What does it mean to have 'scaled' physical AI in manufacturing?

Scaled means production deployment across multiple lines, multiple shifts, and ideally multiple sites — running 24/7 against real customer SLAs, with measurable business outcomes and a maintenance model that does not depend on the founders being in the room. A pilot on one camera for three months is not scaled. Three years of uptime across hundreds of machines in multiple countries is.

Why does Cisco's 2026 report say only 20% of physical AI deployments have scaled?

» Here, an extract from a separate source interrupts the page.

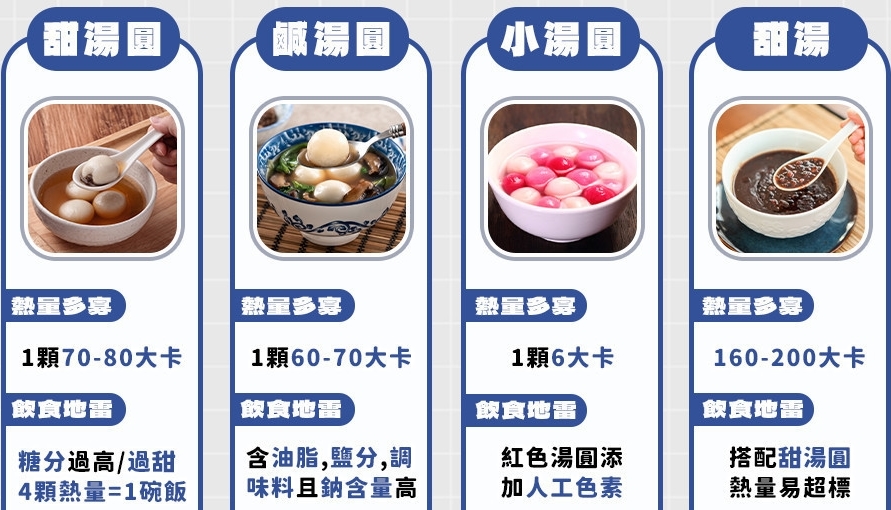 嫚嫚營養師曾接受《潮健康》專訪指出,市售湯圓主要為包餡的大顆湯圓及未包餡的小顆湯圓。包餡湯圓以甜、鹹兩種口味居多,最多人愛吃的甜餡料湯圓如芝麻、花生、牛奶糖、流沙湯圓,一顆(20公克)即含有70-80大卡的熱量,多吃4顆湯圓就等於一碗白飯280大卡的熱量。

Three structural reasons. First, the deployment economics of the rip-and-replace model don't survive a CFO review. Second, cloud-first AI architectures don't survive a factory IT review. Third, vendor lock-in to a single chip family doesn't survive a real-world cost-per-camera calculation. The 20% that scaled built around these three constraints from the start; the 61% that haven't are usually fighting at least one of them.

How can a manufacturer move from the 61% to the 20%?

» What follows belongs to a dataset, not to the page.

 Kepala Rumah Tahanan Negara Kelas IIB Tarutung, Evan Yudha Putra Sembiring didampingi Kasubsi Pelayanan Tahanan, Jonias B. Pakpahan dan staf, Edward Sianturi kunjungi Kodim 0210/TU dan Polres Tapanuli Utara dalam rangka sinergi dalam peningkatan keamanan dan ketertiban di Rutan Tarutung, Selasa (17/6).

Pick a vendor whose architecture is retrofit-first (runs on your existing cameras, PLCs, MES and ERP), edge-first (inference on-premise, video stays on-site), and chip-agnostic (so cost-per-camera doesn't lock you to whichever silicon was hot the year you started). Then deploy one line, prove the outcome, and expand only after the first line has been running stably for 60-90 days in production.

61% of factories deploy physical AI. 20% scale it. A view from inside the 20%

Cisco's 2026 State of Industrial AI Report landed earlier this year with a number that did not get the attention it deserved.

61% of industrial users are actively deploying physical AI. Only 20% have successfully scaled it.

Read those two numbers again. They are saying that out of every five factories that started a physical AI project, four are still stuck in pilot or partial rollout. The technology exists. The vendors exist. The CFOs have signed off. The pilots are running. And in 80% of cases, the project never gets past the first line, the first plant, or the first year.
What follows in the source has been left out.